Learning to share was one thing on Altman's checklist after the Ducks frittered away a second-half rally in a 90-80 Sunday loss to Oklahoma at Memorial Coliseum.

"We're not getting any leadership there on the offensive end," the coach said. "Way too much dribbling. The ball's got to move. All our guards are just pounding it. And the forwards get it, and they pound it."

That's going to change, Altman promised, explaining that players who don't pass the ball and execute on offense will be watching from the bench.

A more complicated problem is the defense.

"Defensively, we're just not in the right position, not ready to play, knees aren't bent. We're always a step behind. That's one of the reasons we're fouling so much," Altman said. "We use our hands way too much. A lot of our (fouls) were using our hands. Those things are tough to correct. It takes a lot of effort and a lot of toughness to correct those."

With five freshmen and two key transfers, it makes sense that the Ducks aren't yet clicking.

"I think they're listening. They just haven't been through any adversity. It's going to take some time," Altman said. "They all want to score. We're not real excited about guarding anybody."

The Ducks (5-2) will continue the learning process at Matthew Knight Arena, where they will play five of their six remaining nonconference games. On Friday, the Ducks will play host to Boise State, which was 5-1 and averaging 80 points per game entering a Tuesday contest against Loyola (Illinois).

One suddenly intriguing game is the Dec. 13 visit to Eugene from Portland State. The Vikings were one of the fun stories at PK80, pushing top-ranked Duke and Butler and then beating Stanford.

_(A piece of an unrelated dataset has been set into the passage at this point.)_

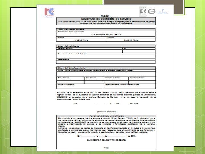 Recordar que siempre que se realice una actividad hay que rellenar el MD 750401, donde debe indicarse no sólo el nombre de la actividad a desarrollar, sino también el contenido Entregar al Responsable de AA. CC. EE. Al menos 1 semana antes de la actividad si ésta dura menos de una jornada escolar Al menos 2 semanas antes si su duración es igual o superior a la jornada escolar
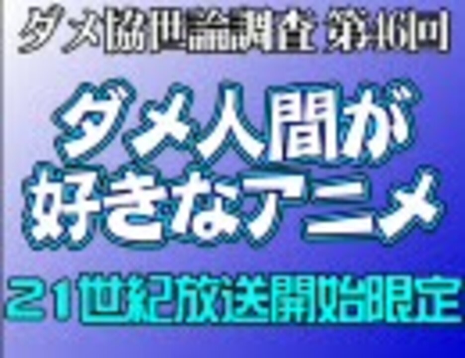 ダメ人間生活協同組合(<a href="http://homepage1.nifty.com/ima-dame/)のアンケート" target="_blank" rel="noopener nofollow">http://homepage1.nifty.com/ima-dame/)のアンケート</a><br />第46回ダメ人間世論調査より (21世紀放送開始限定版)ダメ人間はどのアニメを選ぶ?<br /><br />ダメ協世論調査リスト:<a href="https://www.nicovideo.jp/mylist/9057157" target="_blank" rel="noopener">mylist/9057157</a> 自作旅動画一覧:<a href="https://www.nicovideo.jp/mylist/8039032" target="_blank" rel="noopener">mylist/8039032</a><br />自作ダメ動画一覧:<a href="https://www.nicovideo.jp/mylist/4669671" target="_blank" rel="noopener">mylist/4669671</a> 自作車系動画:<a href="https://www.nicovideo.jp/mylist/8855472" target="_blank" rel="noopener">mylist/8855472</a><br />その他自作動画:<a href="https://www.nicovideo.jp/user/576589/video" target="_blank" rel="noopener">myvideo/576589</a>

PSU will play much of this season out of the limelight. Its home games are at Lewis & Clark while Viking Pavilion construction continues. But first-year coach Barret Peery expects the same whirling-dervish approach from his team anytime, anywhere.

"Be very clear: We don't care where we play," Peery said. "We talk about that every day. We practice in a building that's not even finished. We play in a non-home home court. We're never going to get caught up in anything other than we don't care where we play, we just care about the way that we play and trying to win.

"We could play at an elementary school, we're going to be the same all the time."

The Vikings employing their all-out pressure in a small grade-school gym? Imagine the big-time chaos they would create.

• Gonzaga's Silas Melson, a senior guard from Jefferson High, is starting and doing well for the Bulldogs, who went 2-1 at the PK80.

The Zags improved to 5-1 with wins of 86-59 over Ohio State and 76-71 in overtime against Texas. They lost 111-105 to Florida in two OTs.

The 6-4, 195-pound Melson, a three-year letterman, started four games last season as Gonzaga made the NCAA final.

His numbers have improved steadily while with the Zags: He averaged 3.2 points in 9.6 minutes per game as a freshman, 6.6 points in 21.7 minutes as a sophomore and 7.2 points in 23.8 minutes last season. He had 10 assists in 2014-15, 30 the following season and 58 as a junior.

In the first six games of this season, he averaged 10.2 points in 32.5 minutes, with 20 assists (and a ateam-high 11 steals).

Melson "plays and possesses all those Zag qualities that go all the way back 20 years through this run," Gonzaga coach Mark Few said. "He's not a big rah-rah guy. He's not a loud guy. But he is the essence of what our program is all about. He is selfless. He gives you great effort, and he's not afraid."

• Small-college update: Portland teams begin conference play this weekend, with women's games followed by men's games at most venues.

Lewis & Clark's teams open play in the NCAA Division III Northwest Conference with games on Friday at Willamette and on Monday at home against Pacific. The Pioneer men are 1-3 entering conference play, the women 4-2.

In the NAIA Division II Cascade Collegiate Conference, Warner Pacific plays host to Evergreen State on Friday and to Northwest University on Saturday. Multnomah plays host to Northwest on Friday and to Evergreen State on Saturday before visiting Warner Pacific on Tuesday. The WPC men are 5-3. The WPC women are 2-6. The Multnomah men were 2-4 before visiting Pacific Lutheran on Tuesday. The Lions play a noncounter at the University of Portland on Thursday. The Multnomah women are 0-8.